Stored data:
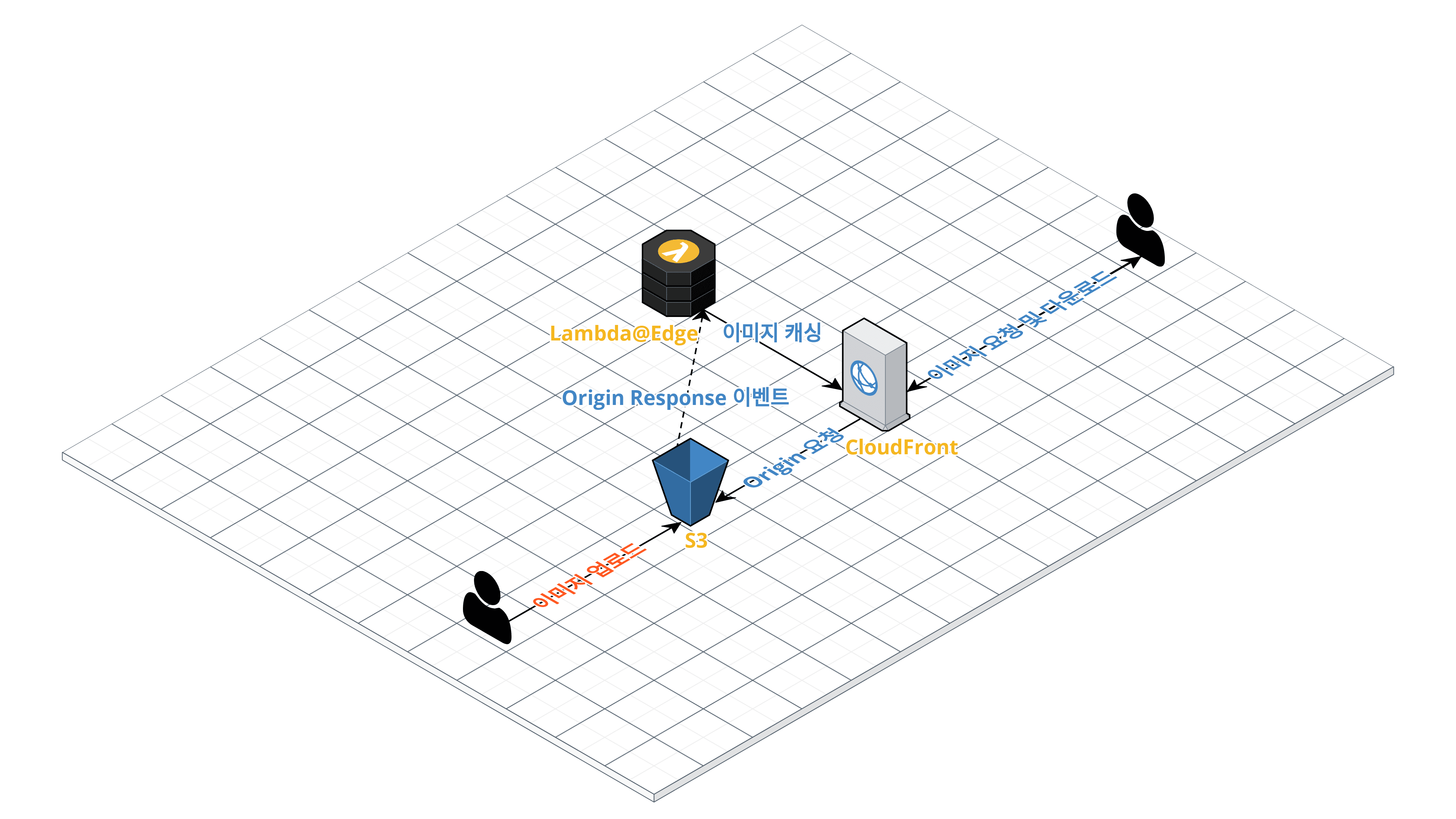 (무조건 버지니아 북부 리전에만 Lambda@Edge로 배포할 함수를 생성할 수 있다.)요청을 받은 S3는 CloudFront 안에 있는 Lambda@Edge의 함수를 실행키고, Lambda@Edge는 S3의 이미지 객체를 가져와서 리사이징 후 반환한다.
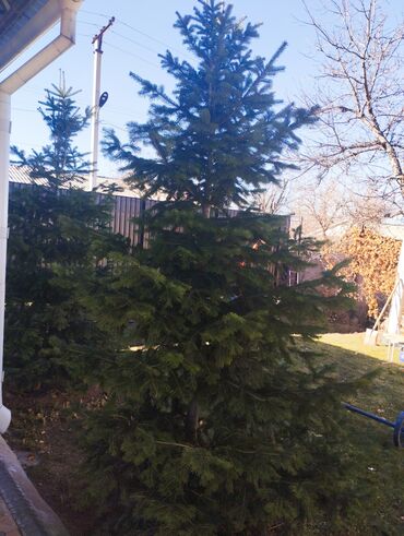 - Порода: хвойные ели (классическая конусная форма кроны, густое ветвление, мягкая темно‑зеленая хвоя).
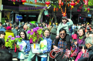 “行花街、过大年”。昨日,城区多个传统迎春花市全面开锣迎客,精彩的迎春花市节庆活动将一直持续至元宵。记者走访发现,各大花市人气大旺,节日氛围浓厚。在带走一盆盆年花年桔、各式年货的同时,“孙悟空”style的各种饰物更是成了行花街年轻人们的“标配”。
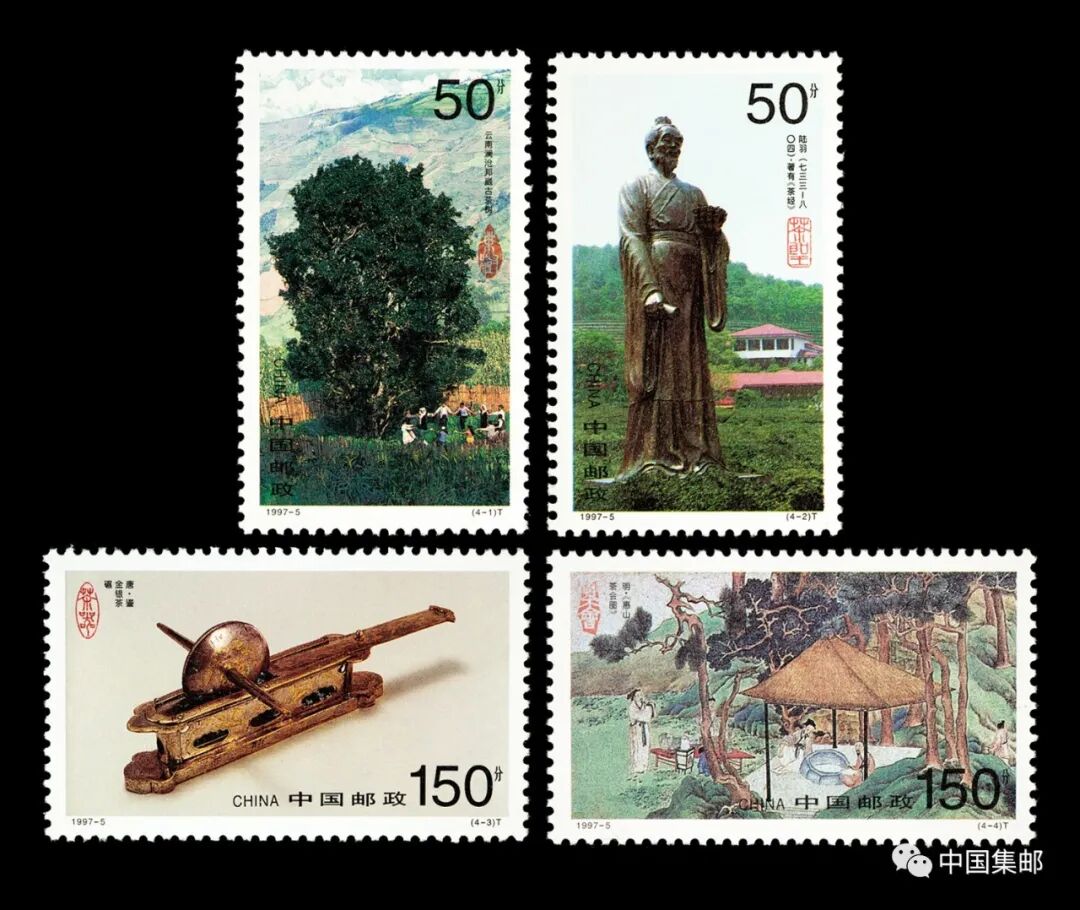 中国邮政为了宣传这一古老文化,发行过1997-5《茶》特种邮票一套四枚,分别为:茶树、茶圣、茶器和茶会。
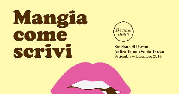 Parma - Ha raggiunto il traguardo della 10ma edizione "Mangia come scrivi", Rassegna gastronomica-letteraria-artistica, ovvero: 1 cena, 3 scrittori x 3 minuti (di reading), 9 opere d’artista.
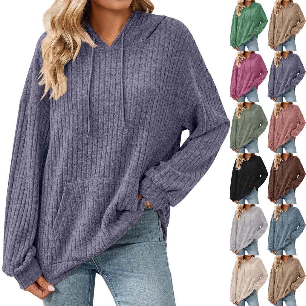 Damen Modischer Lockerer Langärmliger Kapuzenpullover mit Kordelzug und Tasche, Einfarbiges Oberteil
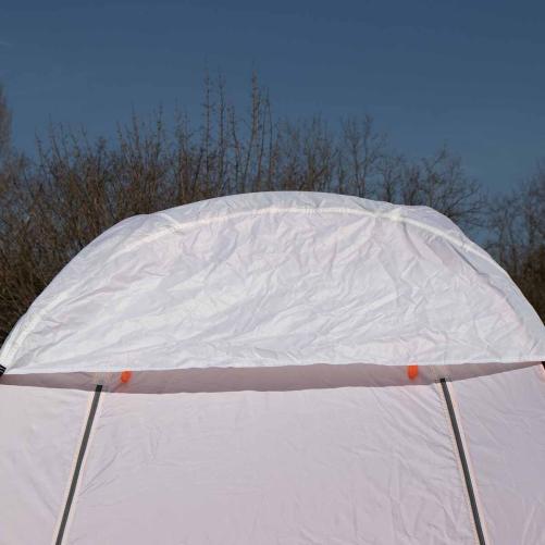- Les bandes auto-réfléchissantes de séparation largeur 25mm entre les tissus blancs et orange sur le tour de la tente, lui confèrent une meilleure visibilité/sécurité

• _ACTIVITY_: Could you repeat exactly the lines from the first one of the records above through the line containing "Damen Modischer Lockerer", leaving out any pictures?

• _SOLUTION FOR THIS PROBLEM_:
 (무조건 버지니아 북부 리전에만 Lambda@Edge로 배포할 함수를 생성할 수 있다.)요청을 받은 S3는 CloudFront 안에 있는 Lambda@Edge의 함수를 실행키고, Lambda@Edge는 S3의 이미지 객체를 가져와서 리사이징 후 반환한다.
 - Порода: хвойные ели (классическая конусная форма кроны, густое ветвление, мягкая темно‑зеленая хвоя).
 “行花街、过大年”。昨日,城区多个传统迎春花市全面开锣迎客,精彩的迎春花市节庆活动将一直持续至元宵。记者走访发现,各大花市人气大旺,节日氛围浓厚。在带走一盆盆年花年桔、各式年货的同时,“孙悟空”style的各种饰物更是成了行花街年轻人们的“标配”。
 中国邮政为了宣传这一古老文化,发行过1997-5《茶》特种邮票一套四枚,分别为:茶树、茶圣、茶器和茶会。
 Parma - Ha raggiunto il traguardo della 10ma edizione "Mangia come scrivi", Rassegna gastronomica-letteraria-artistica, ovvero: 1 cena, 3 scrittori x 3 minuti (di reading), 9 opere d’artista.
 Damen Modischer Lockerer Langärmliger Kapuzenpullover mit Kordelzug und Tasche, Einfarbiges Oberteil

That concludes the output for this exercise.